Inferring copy number dosage effects in human cancer data
We next compared the integrated model to the total CN model on a recently published cohort of cell lines and primary tumors with scDNA and scRNA matched data from Funnell et al.1 We applied TreeAlign on data previously collected from patient derived xenografts of TNBC (n = 2), HGSC (n = 7), and from primary ovarian cancer (n = 1). In addition we tested the model on 184-hTERT (n = 6) cell lines engineered to induce genomic instability from a diploid background with CRISPR loss of function of TP53 combined with BRCA1 or BRCA2. Both integrated and total CN TreeAlign were run on matched DLP+ and 10x scRNA-seq data. In this analysis, we investigated the impact of p(k) on interpretability of genotype-phenotype linking. As expected, the integrated model characterized more clones (Fig. 5b) and achieved a lower number of cells not confidently assigned to a subclone (Fig. 5c). For cells that were assigned confidently by the integrated model but not the total CN model, their InferCNV corrected expression showed higher correlation coefficient with the CN profiles of subclones assigned by the integrated model compared to random subclones (Fig. 5d; Extended Data Fig. 7), implying better performance of the integrated model.
For high expression genes (top 40% in terms of normalized expression levels) located in clone specific copy number (CSCN) regions, 77.3% had p(k) > 0.5 suggesting their expression is dependent on copy number (Extended Data Fig. 8a, b, c). When we summarized p(k) by genomic locations, we noticed that genes located at the same CSCN region had more consistent p(k). Notably, p(k) of genes in a contiguous region exhibited significantly lower variation compared to randomly sampled genes across different regions (Fig. 5a, e). This is consistent with multiple genes in a CNA transcriptionally impacted by a singular genomic event. In addition to broad regions of the genome, we note that subclonal high-level amplifications affecting known oncogenes have been identified previously1. Using TreeAlign, we also identified subclonal amplifications of oncogenes accompanied by consistent changes in gene expression. For example, in SA1096 and OV2295, subclonal upregulation of MYC expression coincides with the clone-specific MYC amplification with p(k) > 0.8 (Extended Data Fig. 9a). To investigate whether MYC pathway activation was also impacted by non-CNA driven effects, we performed pathway enrichment on genes with low p(k) and found genes in the Hallmark MYC Target V1 gene set34 in OV2295, SA1052 and SA610. Combined with HLAMP results, this suggests the pathway can be regulated by both CN dosage effects and other (potentially non-genomic) effects at the subclonal level (Extended Data Fig. 9b, c), further highlighting the importance of p(k) for interpreting the mechanism of gene dysregulation.

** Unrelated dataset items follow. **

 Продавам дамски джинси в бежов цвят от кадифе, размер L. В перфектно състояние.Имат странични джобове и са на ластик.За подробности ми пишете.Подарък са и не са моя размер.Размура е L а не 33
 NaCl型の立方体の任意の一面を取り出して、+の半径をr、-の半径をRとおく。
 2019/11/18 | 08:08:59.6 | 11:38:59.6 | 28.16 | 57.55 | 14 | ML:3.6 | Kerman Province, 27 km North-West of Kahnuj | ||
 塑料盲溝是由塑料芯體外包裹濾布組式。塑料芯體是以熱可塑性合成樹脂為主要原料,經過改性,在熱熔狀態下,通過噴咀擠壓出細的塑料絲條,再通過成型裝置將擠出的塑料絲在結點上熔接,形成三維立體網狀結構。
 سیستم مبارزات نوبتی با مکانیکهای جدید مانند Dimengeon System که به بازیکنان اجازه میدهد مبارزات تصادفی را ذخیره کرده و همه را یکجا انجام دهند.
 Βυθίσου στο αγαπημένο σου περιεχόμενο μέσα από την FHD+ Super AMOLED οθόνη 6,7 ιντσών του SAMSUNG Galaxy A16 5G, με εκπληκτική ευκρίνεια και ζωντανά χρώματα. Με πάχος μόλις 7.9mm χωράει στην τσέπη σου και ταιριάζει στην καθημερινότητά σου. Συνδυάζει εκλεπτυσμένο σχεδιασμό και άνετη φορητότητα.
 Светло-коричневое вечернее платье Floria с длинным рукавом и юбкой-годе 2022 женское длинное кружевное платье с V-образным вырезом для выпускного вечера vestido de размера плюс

Clone-specific transcriptional profiles highlight clonal divergence in immune pathways
We next sought to interpret clone-specific transcriptional phenotypes and phenotypic divergence during clonal evolution from TreeAlign mappings. For patient 022, differential expression and gene set enrichment analysis identified genes and pathways upregulated in each clone (Fig. 6a, b). In total, we found 1346 genes significantly upregulated (adjusted P < 05, MAST35) in at least one of the subclones in patient 022. 52.1% (701) of these genes were not located in CSCN regions, while 47.9% (645) genes were located within CSCN regions. For 90.7% (585/645) of genes in CSCN regions, p(k) was > 0.5, reflecting probable gene dosage effects.

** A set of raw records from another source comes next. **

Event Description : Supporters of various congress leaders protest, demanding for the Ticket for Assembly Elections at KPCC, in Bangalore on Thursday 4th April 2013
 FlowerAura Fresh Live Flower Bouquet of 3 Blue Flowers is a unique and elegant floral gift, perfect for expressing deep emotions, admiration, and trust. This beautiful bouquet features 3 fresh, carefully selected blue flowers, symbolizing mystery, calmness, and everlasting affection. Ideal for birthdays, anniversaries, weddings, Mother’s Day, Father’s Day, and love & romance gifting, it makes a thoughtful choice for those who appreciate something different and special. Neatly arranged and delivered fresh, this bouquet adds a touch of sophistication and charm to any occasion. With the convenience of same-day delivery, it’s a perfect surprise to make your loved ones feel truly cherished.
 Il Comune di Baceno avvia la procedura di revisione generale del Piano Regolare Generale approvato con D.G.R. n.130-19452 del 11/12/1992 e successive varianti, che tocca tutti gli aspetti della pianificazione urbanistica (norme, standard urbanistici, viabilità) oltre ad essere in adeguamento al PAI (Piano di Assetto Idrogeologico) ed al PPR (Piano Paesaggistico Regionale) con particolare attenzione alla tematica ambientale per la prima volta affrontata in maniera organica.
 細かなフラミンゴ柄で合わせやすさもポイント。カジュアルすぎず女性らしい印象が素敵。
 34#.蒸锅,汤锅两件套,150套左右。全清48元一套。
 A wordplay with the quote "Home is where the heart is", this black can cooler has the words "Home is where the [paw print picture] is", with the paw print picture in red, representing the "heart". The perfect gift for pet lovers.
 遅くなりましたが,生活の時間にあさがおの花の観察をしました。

Immune related pathways such as IFN-α and IFN-γ response were differentially expressed, and with increased relative expression in clone A (Fig. 6c, Extended Data Fig. 11e and Extended Data Table 3). Clone A contains cells from both right and left adnexa, thus dysregulation of these pathways cannot be simply explained by the microenvironment of clone A. Differential expression of immune related pathways was also found between more closely related subclones. Compared to clone B.2, clone B.1 also has enriched expression in IFN-α and IFN-γ signaling pathways and downregulation in MYC targets V1 and G2M checkpoint gene sets (Extended Data Fig. 10a; Extended Data Fig. 11b). Clone D.4, compared to other clone D subclones, had down-regulated TNF-α signaling via NFκB (Extended Data Fig. 10b, f; Extended Data Fig. 11c). Seeking to explain the relative contribution of subclonal CNAs to differentially expressed pathways, we analyzed the proportion of differentially expressed genes found in subclonal CNAs for each pathway. Only 17.4% (4/23) of differentially expressed genes in the Allograft Rejection gene set are in CSCN regions compared to 61.5% (24/39) in the MYC Targets V1 gene set highlighting the distinct impact of subclonal CNA between pathways (Extended Data Fig. 10h).

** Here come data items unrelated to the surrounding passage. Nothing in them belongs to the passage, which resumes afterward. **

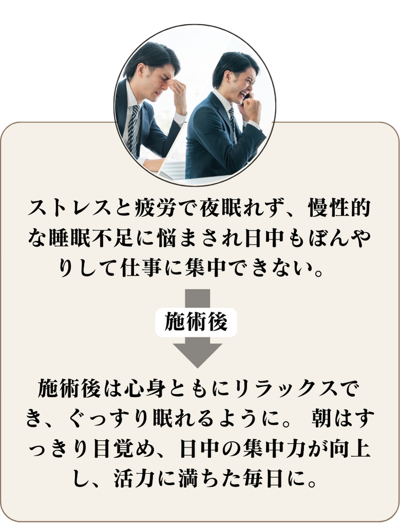 表層から深部にまで働きかける施術であなたの体を根本から変える究極の再生プログラムです。継続することで病気になりにくく疲れが溜まりにくい身体を作ることが出来ます。 具体的には以下の効果が期待できます。
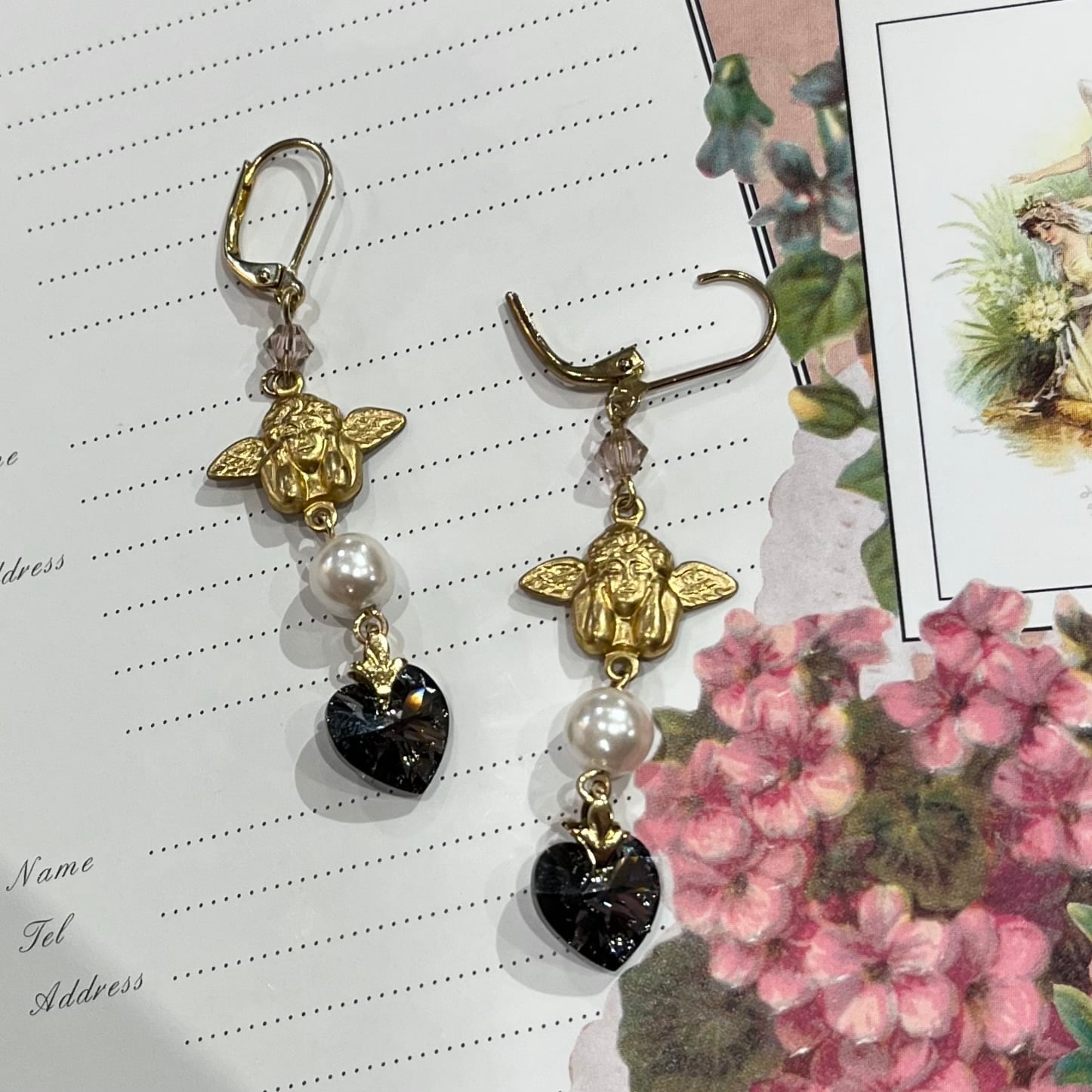 頬杖をついた天使にハートのビジューが揺れるピアス、イヤリングです。
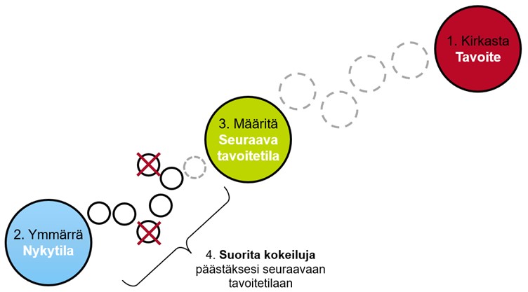 Kun suunta on kirkas ja oletukset tarvittavista askelmerkeistä on luotu, on viimein aika kääriä hihat ja ryhtyä töihin. On kannattavaa suosia työskentelymenetelmiä, jotka ovat luontaisesti tavoitelähtöisiä ja mahdollistavat tarkastelun ja oppimisen matkan varrella.
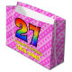 27th Birthday: Pink Stripes & Hearts, Rainbow # 27 Large Gift Bag
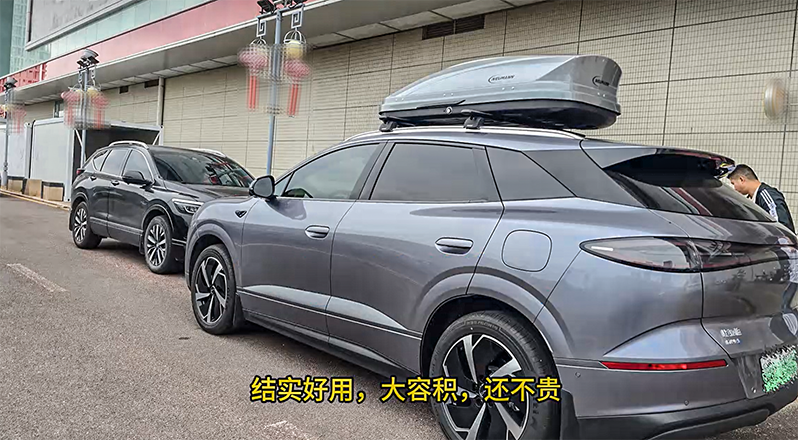 比亚迪海狮06安装案例,纽曼307s车顶架+C5C车顶箱。专车专用车顶行李架银色车顶箱大容积超好用。
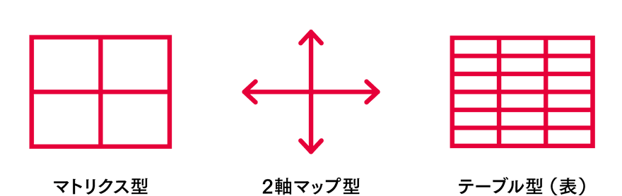 競合製品・サービスとの比較、会社のポジション、各種項目の比較などに適しています。

We conducted a similar analysis on data from Funnell et al. Differential expression analysis revealed varying proportions of DE genes located in CSCN regions ranging from 1.3% to 63.9%, indicating that transcriptional heterogeneity due to cis-acting subclonal CNAs varied across tumors (Fig. 6d, e). In addition to pathways such as KRAS signaling and EMT which are known to be important in these tumors, IFN-α and IFN-γ response pathways also show frequent variable expression between subclones of primary TNBC and HGSC (Fig. 6f). IFN signaling has important immune modulatory effects, and has been previously linked to immune evasion and resistance to immunotherapy36. The recurrent differential expression of immune related pathways between subclones suggests their importance in clonal divergence in these cancers of genomic instability.
DISCUSSION
TreeAlign establishes a probabilistic framework for integration of scRNA and scDNA data and inference of dosage effects of subclonal CNAs. TreeAlign achieves high accuracy of assigning single cell expression profiles to genetic subclones and was built to operate on phylogenetic trees directly, therefore informing phenotypically divergent subclones during the recursive clone assignment process. In addition to scRNA and scDNA integration, TreeAlign also disentangles the in cis dosage effects of subclonal CNAs which highlights highly regulated pathways in clonal evolution. The model has improved flexibility allowing either total or allelic copy number or both to be used as input. With additional allele-specific information, TreeAlign has improved prediction accuracy and model robustness and is able to identify more refined clonal structure.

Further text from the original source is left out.